#XPDCMBD: TUNA NAIK MOTOR
Penulis: Noverica Widjojo (WWF-Indonesia)
Pulau Kisar adalah lokasi yang dikunjungi oleh Tim Ekspedisi Maluku Barat Daya hari ini (4/11). Dari kejauhan sudah terlihat sebuah dermaga pelabuhan yang digunakan sebagai tempat bersandarnya kapal-kapal perintis dan kapal ferry. Tidak tampak sama sekali perkampungan di pulau ini. Penampakan pulaunya pun terkesan gersang, panas, jarang ada pohon, dan banyak penampakan tembok-tembok besar dari batu karang.
Saat tiba di dermaga dan melakukan perjalanan darat sekitar 1,5 kilometer menggunakan sebuah bus milik Dinas Perhubungan Laut menuju salah satu kantor kecamatan, terlihat sebuah kota kecil yang penuh dengan bangunan-bangunan berfasilitas cukup lengkap – seperti kantor pemerintahan, sekolah, pasar, kios-kios, dan bank – lengkap dengan aktivitas-aktivitas manusia yang cukup padat. Bagi kami yang menggunakan provider telepon selular tertentu, dapat menerima sinyal termasuk untuk koneksi internet, walaupun cukup terbatas.

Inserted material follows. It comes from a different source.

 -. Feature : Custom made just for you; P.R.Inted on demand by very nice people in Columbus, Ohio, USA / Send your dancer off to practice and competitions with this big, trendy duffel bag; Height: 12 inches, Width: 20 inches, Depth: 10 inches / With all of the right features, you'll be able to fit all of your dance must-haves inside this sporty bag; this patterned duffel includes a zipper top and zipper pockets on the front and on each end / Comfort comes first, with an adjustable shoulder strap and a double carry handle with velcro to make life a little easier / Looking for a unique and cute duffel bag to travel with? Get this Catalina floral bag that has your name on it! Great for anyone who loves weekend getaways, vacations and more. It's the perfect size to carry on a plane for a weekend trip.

Setelah mampir dan berdiskusi di Kantor Kecamatan Pulau-pulau Terselatan, kami didampingi oleh tiga orang karyawati kecamatan untuk menuju pasar ikan di Kisar. Pasar ikan yang terhitung kecil ini, terletak bersebelahan dengan pasar rakyat. Isinya pun hanya kios-kios kecil yang berbentuk seperti gubuk. Saat kami hampiri pun tidak tampak banyak ikan yang dijual, karena setelah ditangkap oleh nelayan, ikan-ikan tersebut langsung dibawa ke pasar oleh beberapa penjual – atau dalam istilah lokal dikenal dengan sebutan ‘paku lele’ – yang mana sudah menunggu selama berjam-jam, bahkan berhari-hari di pelabuhan. Saat tiba di pasar dan selesai dibersihkan, ikan-ikan yang sudah diiris tersebut langsung terjual habis.

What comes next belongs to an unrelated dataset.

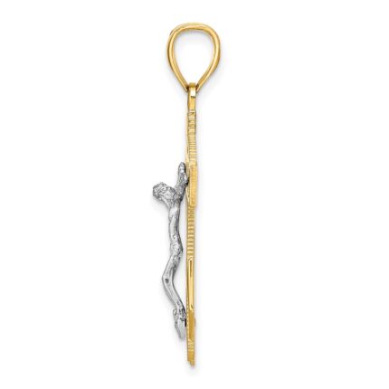 14k White Gold Satin Diamond-cut Mariners Crucifix Pendant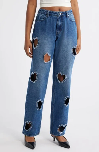 Heart Jacquard Barrel Leg Jeans In Light Wash

Sekitar satu jam lebih Tim Darat berkeliling melakukan survei cepat di pasar ikan dan siap kembali ke bus untuk berangkat menuju Dusun Yawuru di Desa Wonreli. Namun saat berjalan menuju bus, tiba-tiba beberapa dari kami berhenti dan terdiam beberapa saat, merasa ragu akan sebuah ‘pemandangan’ yang dilihat karena bukan merupakan hal normal bagi para penghuni kota besar seperti kami. Terdapat dua orang perempuan muda Kisar mengenakan kaos berwarna cerah, bercelana pendek, serta memakai topi; naik sepeda motor; dan membawa satu ekor ikan Tuna Sirip Kuning (Thunnus albacares) berukuran sekitar satu meter, yang mana ditempatkan di bagian sandaran kaki bak sebuah koper! Karena masih khawatir salah lihat, saya pun menoleh ke Nara untuk melakukan konfirmasi ulang akan hal ini. Sebelum saya sempat mengeluarkan pertanyaan, Nara sepertinya sudah membawa pikiran saya dan berkata, “Iya Ver, itu ikan tuna yang dibonceng seperti koper.”

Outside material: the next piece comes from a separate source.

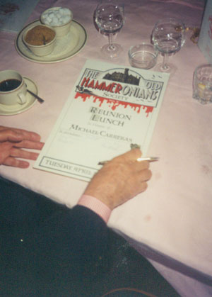 Hammeronians” signed this to Michael Carreras at the luncheon. Some wonderful valuable signatures there.

Seketika saya langsung lari mengejar ‘tuna naik motor’ itu untuk mendokumentasikan ‘pemandangan’ unik ini. Tapi sangat disayangkan, manusia yang berlari mengejar tidak hanya saya saja. Para calon pembeli yang sudah menunggu cukup lama di pasar ikan, langsung menghampiri kios milik seorang nenek, yang mana tempat ikan tuna tersebut dibersihkan oleh kedua perempuan tadi yang mana adalah para ‘paku lele’. Setelah dibersihkan dan diiris-iris, ikan yang ditangkap memang hanya untuk memenuhi konsumsi warga Kisar saja itu, langsung terjual habis dalam kurun waktu kurang dari satu jam saja. Hal ini membuktikan betapa tingginya konsumsi ikan di Pulau Kisar, yang mayoritas warganya ‘nelayan kebun’ (menjadi petani kebun saat musim barat, pergi menangkap ikan saat musim peralihan).